Fractures of the thigh bone (femur) near the hip joint (termed intracapsular) may be treated by fixing the fracture (with screws or pins), or alternatively replacing the top of the femur at the hip joint (femoral head) with an artificial hip joint (arthroplasty).
Nineteen trials, of which two were newly included in this update, involving 3044 participants, were included in this review. Some trials had weak methods, which required a more cautious interpretation of their results. There were many different types of devices and methods used to place these devices for both treatments in the included trials.
We found that each treatment has its own specific complications. Realigning the bones and fixing the fracture (reduction and internal fixation) is a shorter operation with less blood loss. However, people having internal fixation are more likely to need another operation than those treated with joint replacement (40% versus 11%). The reason for this is mainly from a failure of the bone to heal in those cases treated with fixation. No definite differences were found between the two treatment groups in the numbers of patients who had died by various follow-up times. People who had a replacement with an artificial hip joint that was fixed in place with cement seemed to have less residual pain and better function related to using the hip than those whose fracture was fixed. There is not enough evidence to be sure whether fixation of the bone or replacement with an artificial hip is best for treating fractures of the thigh bone near the hip joint.
Internal fixation is associated with less initial operative trauma but has an increased risk of re-operation on the hip. Definite conclusions cannot be made for differences in pain and residual disability between the two groups. Future studies should concentrate on better reporting of final outcome measures and function. There is still a need for studies to define which patient groups are better served by the different treatment methods.

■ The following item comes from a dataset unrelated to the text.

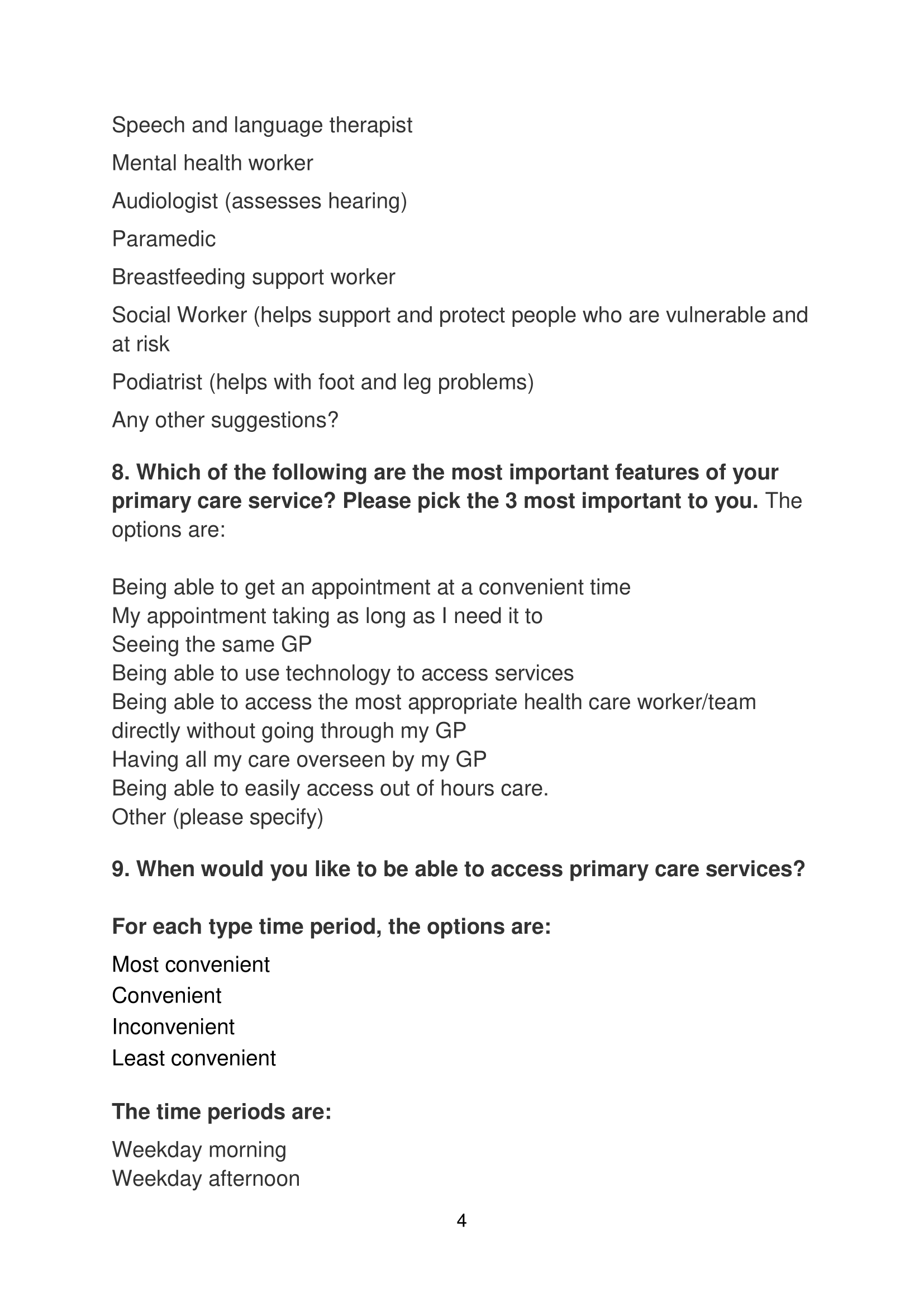 Priorities for people in their experience of primary care – access to appointments and services, length of appointment etc
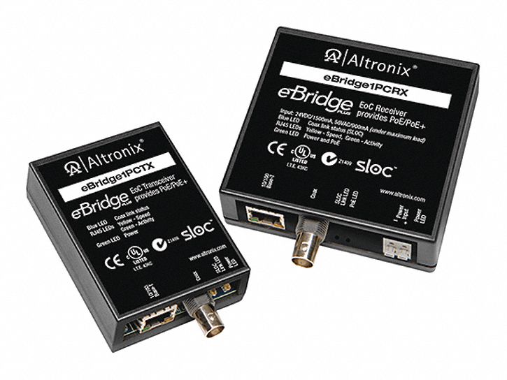 Altronix EBRIDGE16PCRX Series single port EoC Receiver and hardened Transceiver kit transmits data and power over coax cable. Throughput is rated to pass 25Mbps at distances up to 500m.

Displaced intracapsular fractures may be treated by either reduction and internal fixation, which preserves the femoral head, or by replacement of the femoral head with an arthroplasty. This is an update of a Cochrane review first published in 2003 and previously updated in 2006.
To compare the relative effects (benefits and harms) of any type of internal fixation versus any type of arthroplasty for intracapsular femoral fractures in adults.
We searched the Cochrane Bone, Joint and Muscle Trauma Group Specialised Register (August 2010), The Cochrane Central Register of Controlled Trials (The Cochrane Library 2010, Issue 3), MEDLINE (1966 to August 2010), EMBASE (1988 to 2010 Week 36), and other sources.
All randomised and quasi-randomised controlled trials comparing internal fixation with arthroplasty for intracapsular hip fractures in adults.
Both authors independently assessed trial quality and extracted data. Wherever appropriate, results were pooled.
Nineteen trials, of which two were newly included in this update, involving 3044 participants, were included. There was considerable variation in the types of implants and techniques used for both internal fixation and arthroplasty in the included trials. The risk of selection bias was low in just three trials, unclear in 13 trials and high in the three quasi-randomised trials. Just three trials reported assessor blinding of functional outcomes.
Length of surgery, operative blood loss, need for blood transfusion and risk of deep wound infection were significantly less for internal fixation compared with arthroplasty. Fixation had a significantly higher re-operation rate in comparison with arthroplasty (40% versus 11%; risk ratio 3.22, 95% CI 2.31 to 4.47, 19 trials). No definite differences for hospital stay, mortality, or regain of pre-injury residential state were found. Limited information from some studies suggested pain was less and function was better for a cemented arthroplasty in comparison with fixation.